La scrittrice Silvia Avallone e a destra i portici premiati dall'Unesco
La scrittrice Silvia Avallone e a destra i portici premiati dall'Unesco

Bologna 29 luglio 2021 - I portici sono speciali "guide" che prendono per mano le persone nella scoperta della città. Ma sono anche un abbraccio nell’immaginario di Silvia Avallone, scrittrice che a Bologna ha trovato da anni il suo porto. Anche lei, che guarda la città ancora con lo stupore della studentessa fuorisede, gioisce del riconoscimento Unesco.

Silvia, lei è una scrittrice innamorata di questa città, in cui ha ambientato anche alcuni dei suoi romanzi, fra cui l’ultimo, ‘Un’amicizia’. In queste ore è arrivata una notizia attesa da anni a Bologna.

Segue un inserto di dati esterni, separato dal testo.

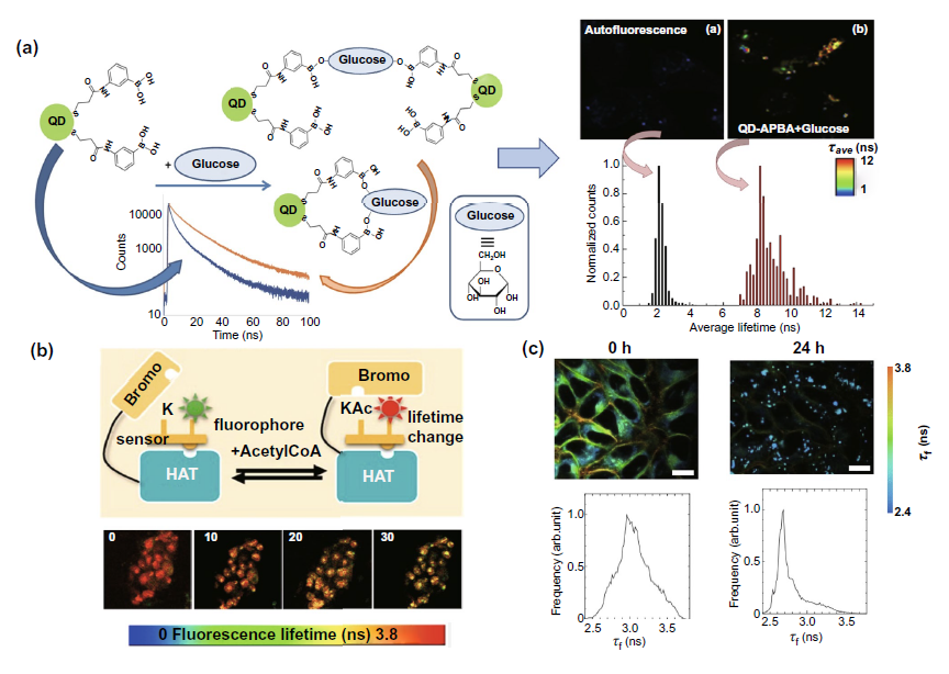 Fig. 6. Fluorescence labeled probe combined with flim to detect the changes of intracellular molecules a) Left: the schematic diagram of qd-apba probe detecting the glucose content in cytoplasm. Right: results of probe combined with flim cells b) A fluorescent labeled acetyltransferase biosensor combined with flim was used to detect the activity of acetyltransferase in the nucleus from the perspective of fluorescence time. The above figure is the experimental mechanism diagram, and the following figure is the experimental result diagram of flim biosensor detection after adding acetyltransferase activity inhibitor c) The lipid droplet imaging of HeLa cells treated with oleic acid in the time dimension of intracellular fluorescence was realized by using fluorescent labeled coumarin probe.

"Sono felicissima, anche perché i portici sono uno di quegli elementi che mi hanno fatto innamorare ancora di più di Bologna e mi hanno fatto sentire accolta. Quello dei portici è un abbraccio: ti danno riparo, ma allo stesso tempo permettono l’incontro. Ti fanno sentire a casa, ma anche in mezzo al mondo. Trovo che abbiano un valore di legame fra le persone, di amicizia".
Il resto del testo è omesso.